それからというもの、仇討ちの密命を受けた金吾は敵を捜し続けることに。

明治の世となり、仇討は禁止されていた。

結末は劇場で観てほしいけれど、

今回のレビューとして桜田門の変で志村金吾は井伊直弼の警護という任務についていた。

その時に襲ってきた刺客を追ってしまったために直弼を守る事ができず、

数少ない生き残りとして切腹すら許されず5人の仇のうち1人でも討ち取れという命を受ける。

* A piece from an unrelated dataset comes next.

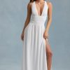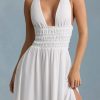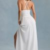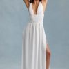 Daytime classics. Cut from lightweight and breezy georgette that pairs well with warm destinations, the Pryana maxi dress is cut to a relaxed column silhouette. It’s framed with a plunging V-neckline, a universally flattering shirred bust for comfort, and adjustable cross-back straps.

ここで描かれている桜田門の変では当初刺客が襲ってくるという事を

ある程度察知していたにもかかわらずその対策をせず

雪故に刀が濡れないようにと雨具を着込んでいる。

これで殆ど刺客に対して対抗できなかった要因である。

もし備えが確りしていたなら井伊直弼は死なずに済んだのかもしれないが、

直前で直弼は直談判を受け付けている。

これが後々影響して行く訳だけれど、

その前に志村金吾は剣術なら右に出る者はいないというほどの者であり、

もし刺客を追わなければ直弼を守ったかその場で死んでいたかもしれない。

守れなかった志村金吾は彦根藩より仇を討て!切腹は許さん!という命が下り、

武士として切腹すら許されぬ屈辱に耐えながら仇の5人を追う事になる。

そして時代が過ぎるにつれて次々と仇の1人、1人が捕まったり、

亡くなったりして残る1人は佐橋十兵衛のみとなっていたが、

時代は大政奉還を経て明治と時代が移っていた。

これにより彦根藩も消滅し、

武士も廃業に追い込まれそれは志村も例外ではなかった。

その間収入は無く、収入は妻のセツが店に働きに出て生計を立てていた。

志村もまた追い続ける姿にそろそろ志村を止めないといけないと

かつての藩士らが志村に仇を追う事を止めるように

説得するも志村はここまで来てしまった以上止めたら何の意味があるのか?

と続ける意思を示す。

しかしそんな最中佐橋十兵衛の居場所がわかり、

志村は向かうも、そんな日に仇討禁止令が公布され、

仇討ができなくなってしまったのだった。

果たして志村はこの仇討をどう決着つけるのだろうか?

結末は劇場で観てほしいけれど、佐橋十兵衛もまた藩に人生を左右した人物でもあった。

討った方、討たれた方もまたそれぞれのドラマを抱えている訳であり、

その後の人生において大きな影を落としたのは言うまでもない。

本来なら志村に対しては廃藩置県となった時に仇を追うのは止めよ!

という命を下すべきだったが、

時代が時代ゆえにもうそんな立場になかった事も志村を止める術を失っていた。

志村もまたここまで追い続けた以上は仇討を果たさなければ終われない

という事を感じていたからこそ追い続けた。

そして佐橋十兵衛もまた身を潜めながら生き続けていたのだった。

誰かがもういいと言わなければ2人は何時までも

追う立場と追われる立場のままだったのかもしれない。

総評として志村も佐橋も時代に波に飲み込まれた犠牲者でもある。

そんな2人は最終的にはそれぞれの苦悩を理解し、

あの時の直談判を受け入れていた事によってこの仇討は終焉を迎えている。

しかしもっと早く2人にもういいという人がいたなら2人は13年にも及ぶ追う、

追われる立場を続ける事は無かった。

そう思うと誰が止めるのか?

という事が大切なのだと痛感するのだった。